Choice of Microcontroller
This is obviously at the core of BackpAQ and is perhaps the most important design choice. For V3 we looked at several of the latest options here, including Arduino-compatible MCUs such as Adafruit Feather, Heltec, ESP32, NodeMCU, and WeMos D1. The ESP32 base was chosen for the second generation device based mainly on processor power, tight WiFi/Bluetooth integration and sufficiently low-power consumption.
The ESP32 is a tiny, relatively inexpensive module with a dual-core 32-bit CPU Controller. The ESP32 is the ESP8266 successor loaded with lots of new features. The version we chose for V3 - Adafruit Feather ESP32 - is a development board that combines Wi-Fi and Bluetooth wireless capabilities, and it’s dual-core. It supports a wide variety of peripherals such as capacitive touch, ADC, DAC, I2C, SPI, UART, I2S, PWM, and much more. It is one of the best solutions for DIY Internet of Things Projects and Smart Home Projects.

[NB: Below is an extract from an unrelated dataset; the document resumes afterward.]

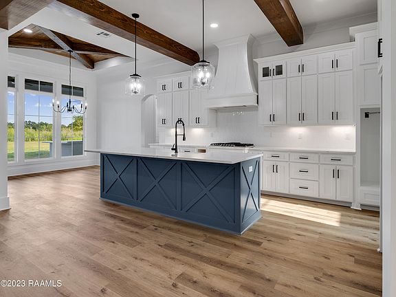 undefined The large, covered patio adjacent to the kitchen further enhances its size and can be used as an overspill area during festive occasions. It features an outdoor kitchen with a gas grill and fireplace. The master bedroom has a raised ceiling and opens into the well-featured bath with dual vanities, a standalone tub, large shower and a walk-in closet. The split bedroom layout includes a shared hall bath for bedrooms #2 and #3. A fourth bedroom and bathroom is located on the opposite side of the house giving guests a little privacy. Other amenities include a laundry room, walk-in pantry off the mudroom, and an ample storage space. Don't miss this unique opportunity to secure your future.
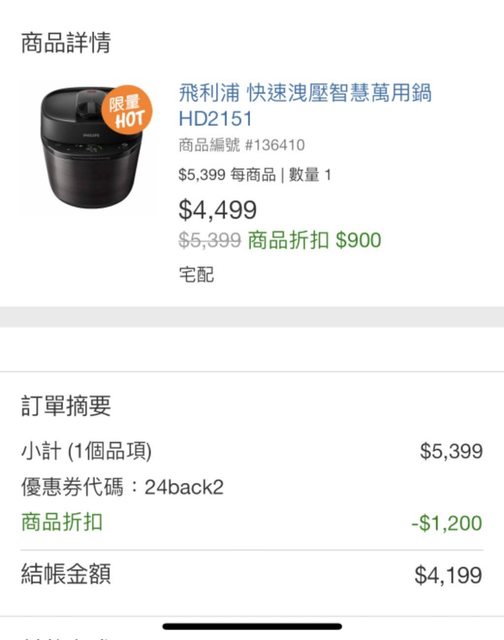 好市多特賣黑小萬HD2151 線上購物輸入折扣碼可以再折300 有好市多會員與壓力鍋需求的可以參考看看 https://i.imgur.com/SyEWvUm.jpg

Performance was virtually identical with all of these units and choice ultimately came down to footprint and ease of build and interconnection (QWIIC) with sensors and other components. Ultimately, we chose a development board based around the ESP32, an Adafruit MCU we have used in previous projects and know to be dependable and quite inexpensive (as low as $18 from several Amazon suppliers). As the design evolves we will revisit this choice and re-evaluate best fit.
Choice of CO2 Sensor
We are using the Sensirion SCD4x Miniaturized CO2 Sensors which sense CO2 and RH/T and fit in a space of just one cubic centimeter. These CO2 sensors offer a 2.4V to 5.5V supply voltage range, fully calibrated digital I2C output, and ±(30ppm + 3%MV) accuracy rating. Compared to the SCD30, the SCD4x footprint has been miniaturized by a factor of 5, resulting in dimensions of just 10.1mm x 10.1mm x 6.5mm. With the use of photoacoustic sensing principle, the dimensions of the optical cavity are greatly reduced without compromising on sensor performance. The SCD4x series features a quality humidity and temperature sensor that delivers two additional sensor outputs. Sensirion SCD4x Miniaturized CO2 Sensors are ideal for sensing markets such as IoT, automotive, HVAC, appliances, and consumer goods.

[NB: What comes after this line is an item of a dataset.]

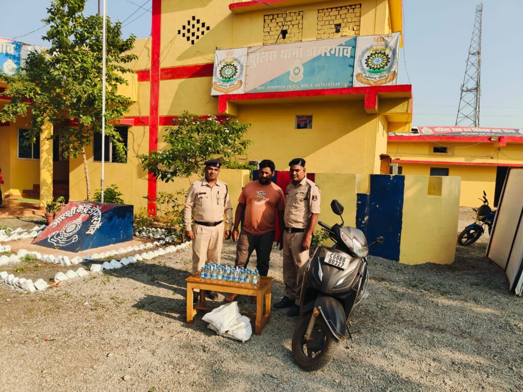 राजनंदगांव 8 नवंबर। थाना प्रभारी डोंगरगांव निरीक्षक कृष्णा पाटले द्वारा अपने थाना क्षेत्र में अपने टीम के साथ लगातार गस्त पेट्रोलिंग कर अवैध शराब बिक्री करने वालो पर नजर रख रही है। इसी क्रम में 07.11.2025 को सूचना प्राप्त हुई कि एक व्यक्ति अपने पास शराब रखा है तथा बिक्री कर रहा है की सूचना की तस्दीक कर आरोपी को शराब के साथ रंगेहाथ पकड़ने हेतु निर्देशित किया गया। जिस पर थाना डोंगरगांव की टीम द्वारा उक्त स्थान जाकर मुखबीर द्वारा बताए व्यक्ति को चिन्हांकित कर पकड़ा गया। पूछताछ में व्यक्ति ने अपना नाम प्रीतम राजपूत होना बताया शराब रखने एवं बिक्री करने के संबंध में वैध दस्तावेज की मांग करने पर आरोपी द्वारा किसी प्रकार का कोई दस्तावेज प्रस्तुत न कर टीम के सदस्यों को लगातार गुमराह करने का प्रयास किया जा रहा था। जिस पर टीम के सदस्यों द्वारा आरोपी प्रीतम राजपूत पिता दर्शन राजपूत, उम्र 38 साल, निवासी सिनेमा लाईन डोंगरगांव, थाना डोंगरगांव को गिरफ्तार कर उसके कब्जे से अवैध रूप 32 पौवा रोमियो, शोले देशी शराब कीमती 2560/- रूपये, बिक्री रकम 2000/- रूपये एवं होण्डा एक्टीवा स्कुटी किमती 50,000/- रूपये कुल जुमला 29,500/- रूपये जप्त कर आरोपी के विरूद्ध थाना डोंगरगांव में अपराध क्रमांक 351/2025 धारा 34(2) आबकारी एक्ट का अपराध पंजीबद्ध कर कार्यवाही किया गया।

To fulfill the design requirement to be 100% mobile and be able to interact with a smartphone and the Internet, we evaluated several comms scenarios. At the beginning of the project, we looked at (1) Cellular; (2) Bluetooth; and (3) WiFi. As was expected, and based on our previous experience with sensor projects, each mode of communications brings advantages and tradeoffs. So we build prototypes to evaluate all three. Cellular, which was arguably the most portable and scalable, cost the most and was the most power hungry. Bluetooth, in particular Bluetooth Low Energy (BLE), was the most flexible and least power intensive. WiFi, with it's wide availability, ease of use, and relatively low power needs, seemed to be the way to go. In the end we chose WiFi, based on it's low power draw, excellent integration with our choice of microcontroller (ESP32), and near ubiquity across the range of usage scenarios we envision. We may revisit the use of BLE in a future iteration.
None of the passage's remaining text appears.